Circuits to control and drive brushless DC (BLDC) electric motors are known. In some arrangements, the circuits provide a particular a ramp-up of the speed of the electric motor when the electric motor is first powered up. However, such circuits are only able to provide one particular predetermined type of ramp-up.
Some known electric motor drive circuits are described in U.S. Pat. No. 7,590,334, issued Sep. 15, 2009, U.S. Pat. No. 7,747,146, issued Jun. 29, 2010, U.S. patent application Ser. No. 13/271,723, filed Oct. 12, 2011, U.S. patent application Ser. No. 13/599,225, filed Aug. 30, 2012, and U.S. patent application Ser. No. 13/599,234, filed Aug. 30, 2012, all of which are incorporated herein by reference in their entireties and assigned to the assignee of the present invention.
A BLDC electric motor can be used in different applications. For example, the same BLDC electric motor can be used with different fan blade arrangements in different applications. Different types of BLDC electric motors can also exhibit different load behaviors versus speed.
Motor noise, vibration, and efficiency are influenced by a variety of characteristics.
For sensor-less motor drive arrangements (i.e., motor drivers that do not rely upon Hall Effect elements to sense position of the motor shaft), reliable start-up is an important part of the design. Some sensor-less motor drive arrangements rely upon so-called “back EMF,” or simply “BEMF” generated on the motor windings to sense a position of a motor shaft. In order to sense the BEMF, the electric motor must be spinning at some minimum speed and drive signals to the electric motor must generally be turned off, and thus, BEMF is not conventionally used to sense motor position at the very beginning of a start-up of a motor.
Various methods have been used to start an electric motor. For example, a so-called “Trap Drive” arrangement has been used, in which motor windings of an electric motor are driven with trapezoidal (trap) drive signals through six states at a predetermined fixed rate during start-up. During start-up, in some embodiments, start-up motor current is controlled by pulse width modulation (PWM) of the trap drive signals, and in other embodiments, start-up motor current is controlled by current limiting of the trap drive signals. BEMF is checked during the start-up process and the commutation of the phases of the trap drive signals are synchronized with BEMF zero crossings.

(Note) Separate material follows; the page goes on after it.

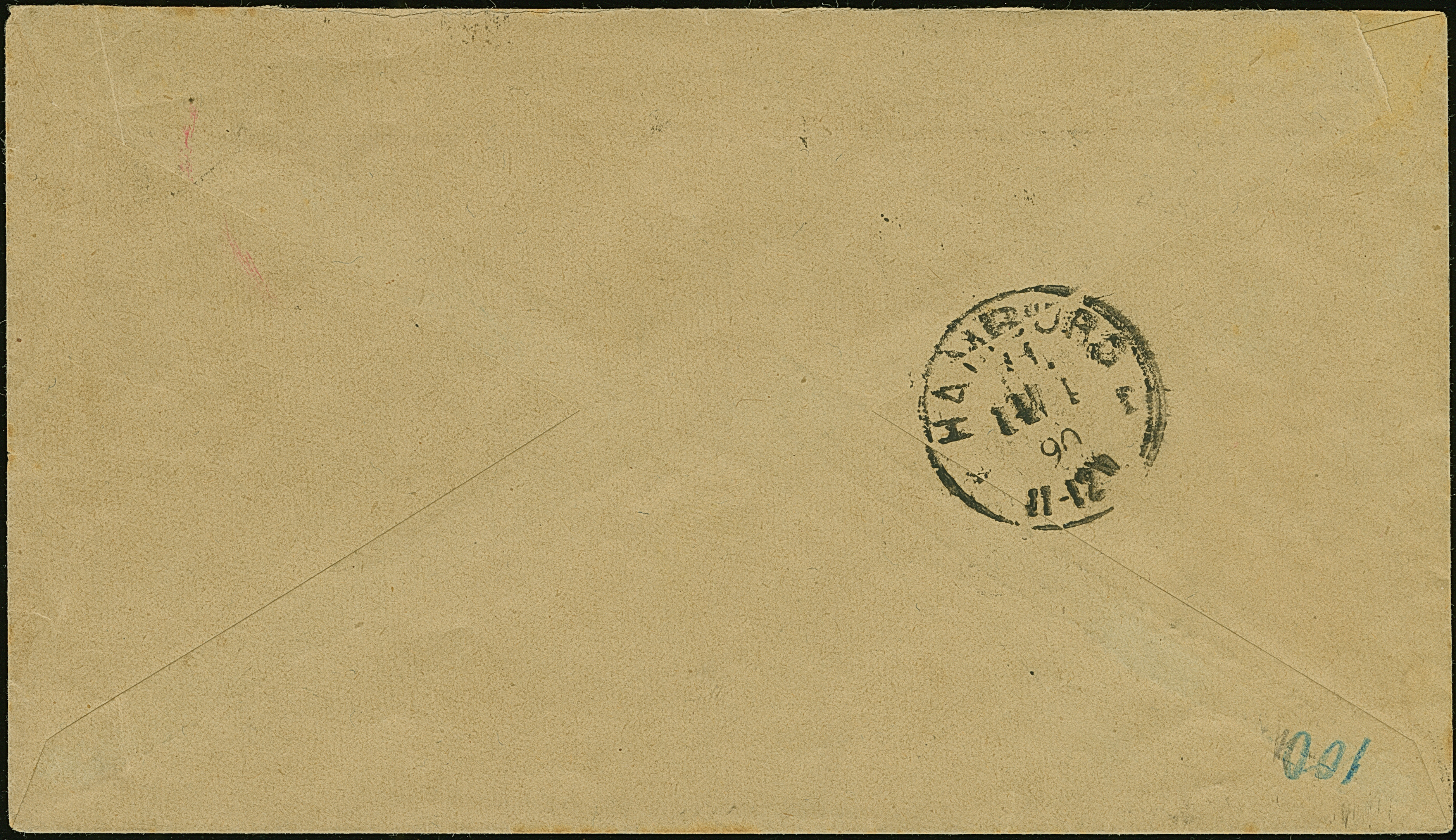1890, Krone/Adler 10 Pf. karminrosa im senkrechten Paar mit Rahmenstempel “AUS WESTAFRIKA” auf Vordruckbrief der Firma “Bödecker & Meyer, Lome..” mit handschriftlichem Aufgabevermerk “Lome 13/3.90 ” in Rot nach Hamburg mit Ankunftsstempel. Die Marken links zum Teil mit Gelbflecken in der Zähnung und obere Marke mit Gummifleck, ansonsten in guter Erhaltung. Ein interessanter Seepost-Vorläuferpost mit dieser äußerst seltenen Farbe, Fotoattest Dr. F. Steuer BPP (1994)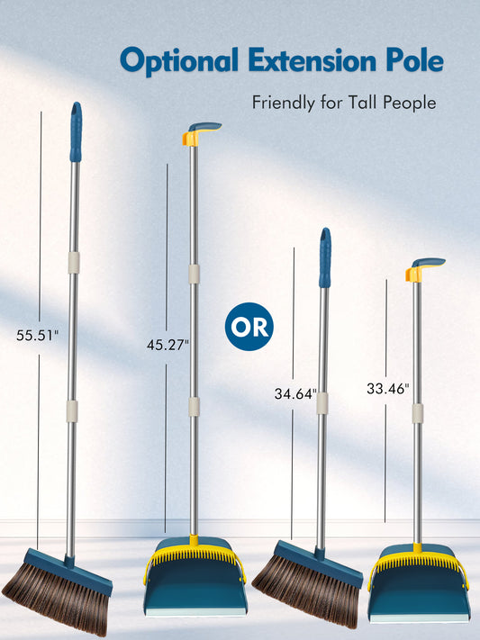 BIMZUC Upgrade Broom and Dustpan Set for Home,Self-Cleaning with Dustpan Teeth,51.2in,Stand Up,Blue

After the electric motor is started with the above-described trap drive signals, in some embodiments, the motor control electronics continues to run the electronic motor with trap drive signals in a normal mode of operation.

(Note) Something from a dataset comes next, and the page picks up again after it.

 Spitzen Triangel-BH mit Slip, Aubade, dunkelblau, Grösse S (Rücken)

One of the drawbacks of using the trap drive signals during start-up and/or during the normal mode of operation after start-up, is that the trap drive signals result in is audible noise from the electric motor due to vibrations. Even when the trap drive signals are used as an envelope for PWM drive signals with very low duty cycles and current levels, the noise can still be very prominent. For many applications, the noise is not acceptable.
Sine drives that result in sinusoidal currents in the motor windings are known. Sine drives are quieter than trap drives.
As described above, the BEMF signals are not available until the electric motor has achieved some minimum rotating speed. Thus, during start-up of the electric motor, a common method ramps up the motor slowly, without BEMF motor position information, and using a fixed and predetermined ramp-up rate and technique. However, different electric motors (e.g., motors with different inertial masses and coupled loads) require different motor drive signal start-up profiles.
A motor controller integrated circuit has only a limited number of pins. A motor controller integrated circuit must also be built for a low cost.
It would be desirable to provide a motor controller electronic circuit (either integrated or non-integrated) that uses a small number of pins, that is low cost (e.g., small silicon surface area), that can generate sine drive signals instead of trap drive signals for low noise, that can be used to drive a wide variety of types of electric motors, while providing a proper sine drive start-up profile synchronized with a sine drive normal mode of operation for each type of electric motor.